TASK REQUIREMENTS>
Output the entries exactly as they appear. Pictures should not be included.

[Data entries]
####
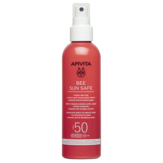 АПИВИТА СЪН ХИДРАТИРАЩ СПРЕЙ С УЛТРА ЛЕКА ТЕКСТУРА ЗА ЛИЦЕ И ТЯЛО SPF50 200МЛ. -  Tози слънцезащитен спрей лосион за лице и тяло придава мигновено усещане на свежест и хидратация. Попива за секунди, благодарение на своята ултра лека текстура. Идеален е за дейности на открито през лятото, с изключителна текстура, устойчива на вода, пясък и изпотяване. Ароматът е свеж и летен и повдига настроението.
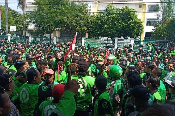 Aksi demonstrasi itu melibatkan beberapa driver ojol yang berasal dari Gojek dan Grab.
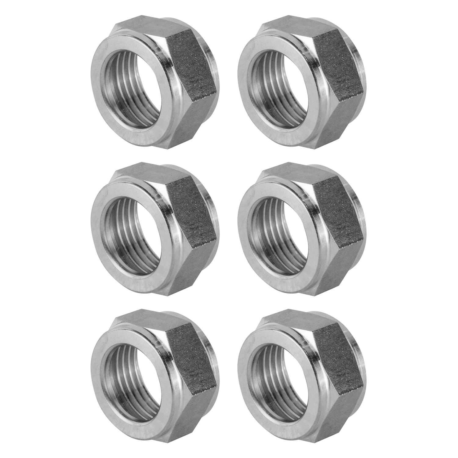 Set of 6 stainless steel hex nuts. 5/8" BSP (British Straight Pipe) thread. Connect to beer industry standard couplers and shanks.
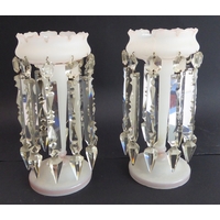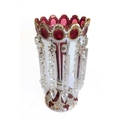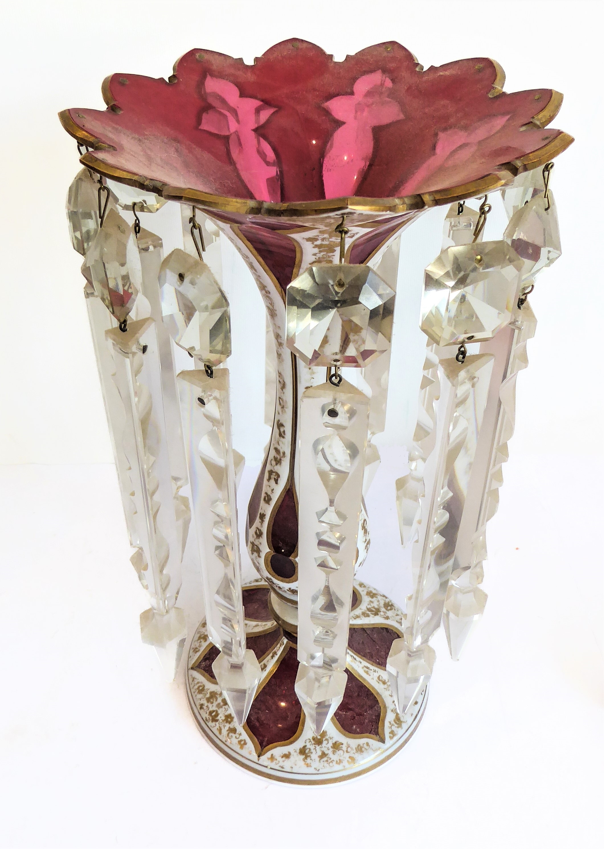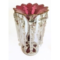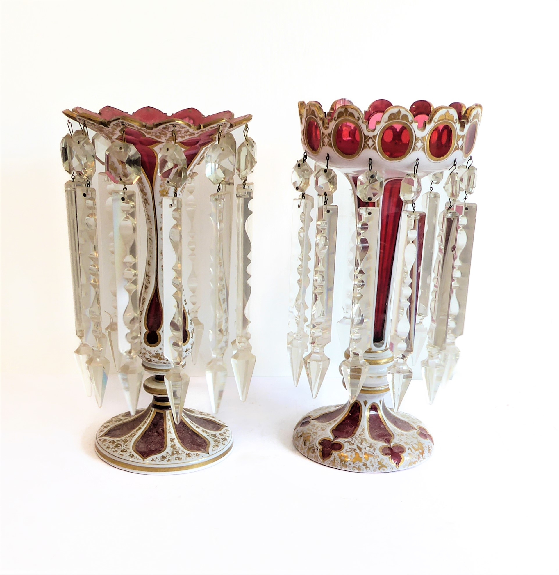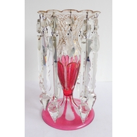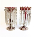 Two large and similar 19th century cranberry table lustres: cameo cut; long glass droplets; circular feet. (The (slightly) taller 32.5 cm high)
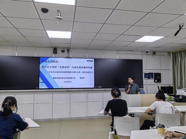 在《从破冰到赋能:班主任工作的“五维坐标”与成长型集体构建》讲座中,黄丽君老师结合自身经验提出,班主任要从温暖集体建设、精准制度管理、自组织培育、坚韧静待细研行和有效家校沟通五方面协同发力,助力学生从执行者逐步向思考者、倡议者、创造者转变。黄丽君老师认为:“班主任工作要做到有温度,丰富学生信息、开展班级活动浸润文化;有精度,以‘公约共制’实现制度与关怀统一;有深度,培育优秀班干队伍;有韧度,耐心助力特殊学生、保障沟通;有效度,通过共情、精准、合作等实现家校有效沟通。”
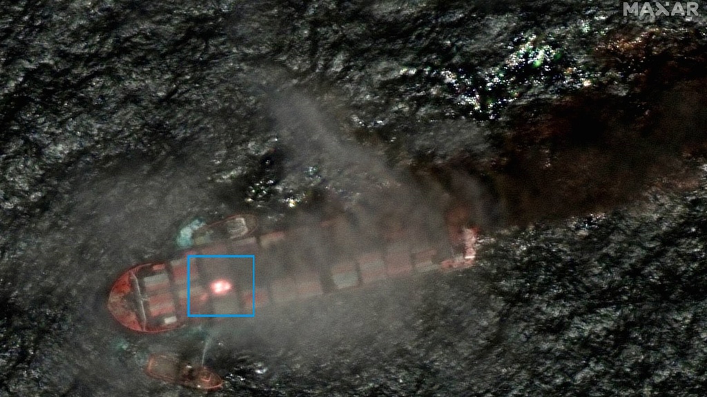 Đám cháy trên tàu X-Press Pearl hôm 22/5. Ảnh: Maxar.
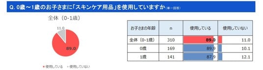 回答者全体で0歳~1歳のお子さまにスキンケアをしている方は89%の結果でした。0歳と1歳では、ほぼ同じ結果です。
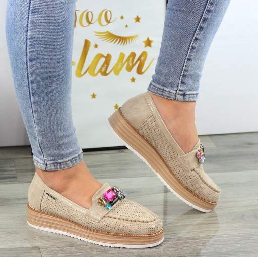 Modne beżowe zamszowe mokasyny na grubej podeszwie ze kolorowymi kryształkami Glam lekkie wygodne
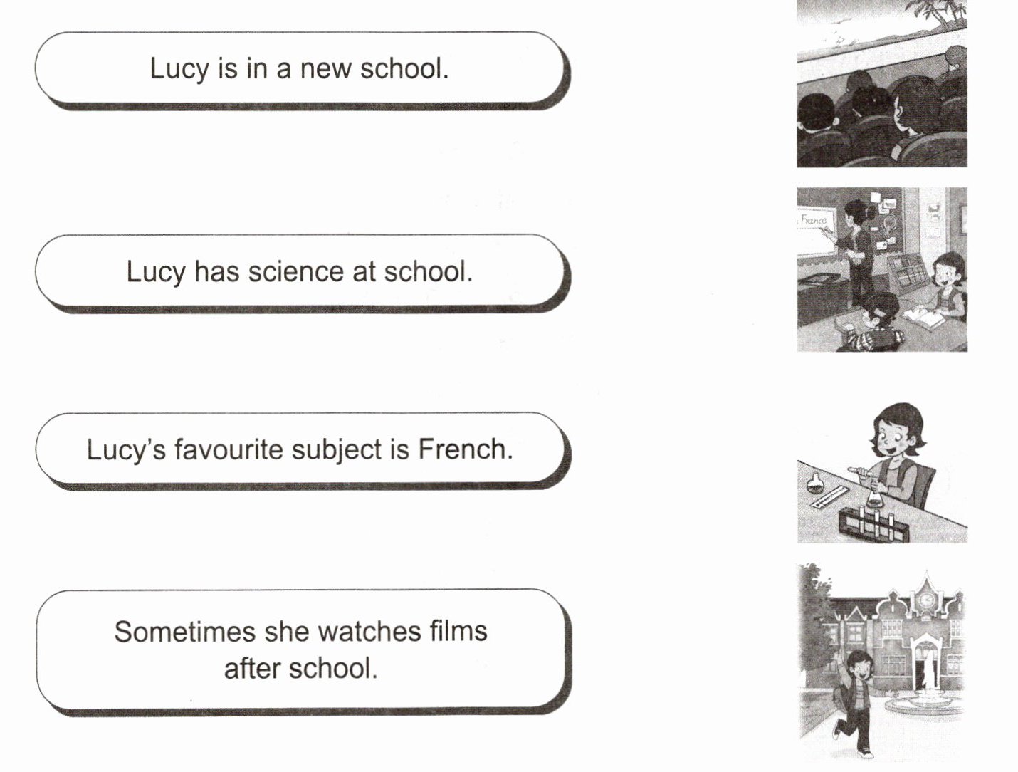Lucy is in a new school. —— 第四幅图
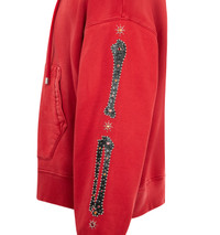 AMIRI Bones Studded Zip Hoodie featuring oversized fit, zip front closure, bones appliques with stud detailing and front patch pockets. 100% cotton. DESIGNER STYLE ID: AMT0JR1012 COLOR: 633 RED ROSE
####
RESULT OF THIS EXERCISE>
 АПИВИТА СЪН ХИДРАТИРАЩ СПРЕЙ С УЛТРА ЛЕКА ТЕКСТУРА ЗА ЛИЦЕ И ТЯЛО SPF50 200МЛ. -  Tози слънцезащитен спрей лосион за лице и тяло придава мигновено усещане на свежест и хидратация. Попива за секунди, благодарение на своята ултра лека текстура. Идеален е за дейности на открито през лятото, с изключителна текстура, устойчива на вода, пясък и изпотяване. Ароматът е свеж и летен и повдига настроението.
 Aksi demonstrasi itu melibatkan beberapa driver ojol yang berasal dari Gojek dan Grab.
 Set of 6 stainless steel hex nuts. 5/8" BSP (British Straight Pipe) thread. Connect to beer industry standard couplers and shanks.
 Two large and similar 19th century cranberry table lustres: cameo cut; long glass droplets; circular feet. (The (slightly) taller 32.5 cm high)
 在《从破冰到赋能:班主任工作的“五维坐标”与成长型集体构建》讲座中,黄丽君老师结合自身经验提出,班主任要从温暖集体建设、精准制度管理、自组织培育、坚韧静待细研行和有效家校沟通五方面协同发力,助力学生从执行者逐步向思考者、倡议者、创造者转变。黄丽君老师认为:“班主任工作要做到有温度,丰富学生信息、开展班级活动浸润文化;有精度,以‘公约共制’实现制度与关怀统一;有深度,培育优秀班干队伍;有韧度,耐心助力特殊学生、保障沟通;有效度,通过共情、精准、合作等实现家校有效沟通。”
 Đám cháy trên tàu X-Press Pearl hôm 22/5. Ảnh: Maxar.
 回答者全体で0歳~1歳のお子さまにスキンケアをしている方は89%の結果でした。0歳と1歳では、ほぼ同じ結果です。
 Modne beżowe zamszowe mokasyny na grubej podeszwie ze kolorowymi kryształkami Glam lekkie wygodne
Lucy is in a new school. —— 第四幅图
 AMIRI Bones Studded Zip Hoodie featuring oversized fit, zip front closure, bones appliques with stud detailing and front patch pockets. 100% cotton. DESIGNER STYLE ID: AMT0JR1012 COLOR: 633 RED ROSE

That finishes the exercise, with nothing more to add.